При появлении на место действия я по обстановке заметил, что встреча с Плеве неминуема… Обстановка была обычная, плевинская: усиленный наряд полиции, конной и пешей, начиная с Балтийского вокзала и по всему Измайловскому проспекту. На тротуаре цепь агентов самой разнообразной формы, босяки и элегантно одетые господа, то стоявшие в задумчивой позе людей, погруженных в заоблачные мечтания, то прогуливавшиеся ленивой, барской походкой, но на всех лицах каинова печать, у всех алчные, загадочные, блудящие, нахальные взоры. Жутко и весело идти с бомбой под перекрестным огнем таких взоров. Мой защитник Карабчевский весьма метко выразился, что мне пришлось «пробиваться сквозь стену охраны», прибавлю, с риском в любой момент получить неосторожный толчок и взлететь преждевременно на воздух.

Известно, что я шел от Варшавского вокзала навстречу Плеве. Карету министра я завидел очень далеко, шагов за 70 или дальше. О ее приближении я мог бы судить еще раньше по той ажитации, какая началась в этот момент среди полиции и агентов.

Как раз посредине между мной и каретой, приблизительно на самом месте роковой встречи, остановилась конка. Мне пришлось убавить шагу, чтобы дать конке время уехать или карете приблизиться; это-то замедление шага, вероятно, и обратило на меня внимание некоторых свидетелей, утверждавших потом, что они «заметили» меня.

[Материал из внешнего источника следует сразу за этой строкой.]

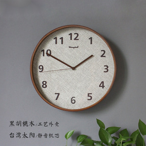 新中式实木家用静音客厅挂钟北欧简约创意时尚亚麻艺术...

Я очень хорошо ориентировался в окружающем: заметил, что на тротуаре нейтральной публики было больше, чем обыкновенно, около тротуара изредка стояли извозчики, на месте встречи как раз их не было. На мое счастье и конка тронулась, место очистилось. Да и пора было. Быстро, но не бегом, я пошел навстречу, наперерез карете, с целью как можно ближе подойти к ней. Уже я подошел почти вплотную, по крайней мере, мне так казалось. Я увидел, как Плеве быстро переменил положение, наклонился и приник к стеклу. Мой взгляд встретился с его широко раскрытыми глазами. Медлить было нельзя: наконец-то мы повстречались. Я был убежден в успехе и не знал, что происходит за спиной у меня: может быть, меня уже ловят, может быть, Плеве крикнет или выскочит из кареты на противоположную сторону. Карета почти поравнялась со мной. Я плавно раскачнул бомбу и бросил, целясь прямо в стекло. Что затем произошло, я не видел, не слышал, все исчезло из глаз и сознания. Но уже в следующий момент сознание вернулось. Я лежал на мостовой. Первая мысль – это удивление, что я еще жив. Я встрепенулся, чтобы подняться, но не чувствовал тела: как будто, кроме мысли, у меня ничего не осталось.

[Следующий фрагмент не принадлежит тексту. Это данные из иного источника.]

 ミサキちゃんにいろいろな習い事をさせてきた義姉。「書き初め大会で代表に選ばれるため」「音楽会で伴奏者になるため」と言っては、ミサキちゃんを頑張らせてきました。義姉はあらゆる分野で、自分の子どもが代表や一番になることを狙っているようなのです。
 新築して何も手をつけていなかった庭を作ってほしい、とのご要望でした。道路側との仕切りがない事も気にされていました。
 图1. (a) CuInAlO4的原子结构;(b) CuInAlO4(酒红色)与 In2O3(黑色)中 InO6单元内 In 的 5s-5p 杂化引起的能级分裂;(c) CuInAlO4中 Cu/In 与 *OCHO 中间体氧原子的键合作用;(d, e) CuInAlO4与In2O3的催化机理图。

Мне страстно хотелось узнать о последствиях; кое-как приподнялся на локоть и оглянулся: сквозь туман увидел валявшуюся неподалеку красную генеральскую шинель и еще что-то, но ни кареты, ни лошадей. Блаженство победы, охватившее меня, вырвалось в крике: «Долой самодержавие!» По показаниям свидетелей, я крикнул: «Да здравствует свобода!»

Не зная, насколько тяжело я ранен, я почувствовал желание не даваться живым, но бессильным врагу. «Буду бредить, – подумалось мне, – лучше харакири, по образцу японцев, чем гнусные руки жандармов». Попытался достать из кармана тужурки приготовленный для отпора револьвер, но руки мои не повиновались мне.

А между тем, на мой крик подбежал агент-велосипедист, всегда сопровождавший карету Плеве. Он упал на меня, придавил своим телом… и началась обычная в таких случаях история: Гартман (велосипедист) первый начал меня бить. На суде он сам очень живописно изобразил, как он меня бил: «Сначала я ударил его по правой щеке, – докладывал он и в то же время жестом показал процедуру задушения, – а затем ударил по левой щеке».

На крики Гартмана: «Вот он, преступник!» – подбежал какой-то полицейский чин, стал пинать меня и кричать: «Ах ты, сволочь, чуть и меня не убил!» Подбежали еще другие и били меня, кто как хотел: кулаками, пинками, в лицо, голову, бока, ноги, топтали меня… Но я не чувствовал ни боли, ни обиды: мне было все равно. Было одно противно: когда стали плевать в лицо, какая-то красная, остервеневшая от животной злобы рожа склонилась надо мной и звучно, смачно харкала мне в глаза. Кричали: «Где еще бомба?» Мне казалось излишним, если бы мой револьвер выстрелил при встрепке и кого-нибудь нечаянно ранил, и я сказал: «Отстаньте, бомбы нет, возьмите из кармана револьвер!»

Свидетели-агенты старались уверить, что я сопротивлялся, не хотел даваться им в руки и отдать револьвер. Их счастье, что это было не так: я был чересчур слаб, чтобы думать о бегстве или сопротивлении…

Били, били меня на мостовой, затем решили унести с улицы: схватили за ноги и поволокли так, что голова стучала о мостовую. Втащили на третий этаж Варшавской гостиницы, в отдельный номер. Пока тащили по лестнице, с молчаливой злобой угощали меня пинками в спину, щипали. Бросили на голый пол, сорвали всю одежду и опять били со скрежетом зубовным. Долго ли я пролежал там нагой на голом полу, не помню, был в полузабытьи… Как сквозь туман видел, что в комнате толпились полицейские, жандармы, судейские… будто бы кто-то ощупал мне голову и сказал: «Будет жить, но бить опасно».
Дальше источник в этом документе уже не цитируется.